Единственным пятном света на судне ночью был свет ламп нактоуза, освещавший лица сменяющихся рулевых; остальное тонуло во мраке – и я, шагающий по юту, и люди, лежащие на палубе. Все они были так обессилены болезнью, что некому было стоять на вахте. Те, которые были в состоянии ходить, оставались все время наверху, лежа в тени на верхней палубе, пока отданное мною громким голосом приказание не поднимало их на ослабевшие ноги – маленькую, ковыляющую кучку, терпеливо движущуюся по судну, без ропота, без перешептываний. И каждый раз, как мне приходилось повышать голос, я делал это с угрызениями совести и мучительной жалостью.
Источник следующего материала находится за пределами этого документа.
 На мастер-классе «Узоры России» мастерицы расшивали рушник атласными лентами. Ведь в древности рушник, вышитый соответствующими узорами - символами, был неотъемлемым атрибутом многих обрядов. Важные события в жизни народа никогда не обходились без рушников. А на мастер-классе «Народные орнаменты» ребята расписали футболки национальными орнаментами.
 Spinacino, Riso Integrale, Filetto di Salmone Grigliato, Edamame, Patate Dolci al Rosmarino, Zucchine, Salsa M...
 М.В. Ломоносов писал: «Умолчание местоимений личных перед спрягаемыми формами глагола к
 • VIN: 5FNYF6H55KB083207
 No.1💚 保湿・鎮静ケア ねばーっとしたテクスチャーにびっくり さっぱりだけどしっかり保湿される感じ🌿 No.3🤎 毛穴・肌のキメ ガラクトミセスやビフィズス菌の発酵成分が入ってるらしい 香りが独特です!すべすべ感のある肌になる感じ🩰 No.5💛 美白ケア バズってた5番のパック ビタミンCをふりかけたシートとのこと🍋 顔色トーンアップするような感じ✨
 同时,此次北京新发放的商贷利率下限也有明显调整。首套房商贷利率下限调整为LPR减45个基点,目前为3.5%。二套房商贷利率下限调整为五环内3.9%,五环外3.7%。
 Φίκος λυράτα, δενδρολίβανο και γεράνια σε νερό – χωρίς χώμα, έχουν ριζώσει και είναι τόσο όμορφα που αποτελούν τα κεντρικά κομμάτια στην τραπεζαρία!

Затем, часа в четыре утра, на баке, в камбузе зажигался свет. Верный Рэнсом, с больным сердцем, невосприимчивый к заразе, невозмутимый и энергичный, готовил утренний кофе для экипажа. Вскоре он приносил мне чашку на ют, и тогда-то я позволял себе опуститься в свое палубное кресло и заснуть на два-три часа. Без сомнения, я иной раз слегка задремывал, если на секунду, в полном изнеможении, прислонялся к поручням, но, по совести говоря, я не замечал этой дремоты, разве только в мучительной форме конвульсивных вздрагиваний, которые появлялись у меня, даже когда я ходил. Но с пяти часов и до восьмого часа я откровенно спал под бледнеющими звездами.
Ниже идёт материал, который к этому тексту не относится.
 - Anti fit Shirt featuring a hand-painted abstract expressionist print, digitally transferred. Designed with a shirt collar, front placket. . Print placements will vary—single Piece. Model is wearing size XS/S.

Я говорил рулевому: «Позовите меня, если надо будет» – опускался в кресло и закрывал глаза, чувствуя, что для меня на земле не существует сна. Затем я не сознавал больше ничего, пока между семью и восемью не чувствовал прикосновения к своему плечу и не видел над собою лица Рэнсома с его слабой, грустной улыбкой и ласковыми серыми глазами, как будто он нежно подсмеивался над моей сонливостью. Иногда второй помощник приходил наверх и сменял меня во время утреннего кофе. Но, в сущности, это не имело значения. Обыкновенно бывал мертвый штиль или слабый бриз, такой переменчивый и мимолетный, что, право, не стоило ради него трогать брасы. Если ветер крепчал, то можно было положиться на предостерегающий крик рулевого: «Паруса забрали», который, точно трубный глас, заставлял меня подскакивать на целый фут от полу. Эти слова, мне кажется, заставили бы меня очнуться от вечного сна. Но это бывало не часто. С тех пор я никогда не встречал таких безветренных восходов.
И если случалось, что второй помощник был здесь (у него обычно каждый третий день не бывало лихорадки), то я заставал его сидящим на световом люке в полубесчувственном состоянии и с идиотским взглядом, устремленным на какой-нибудь предмет поблизости – конец, планку, утку, рым.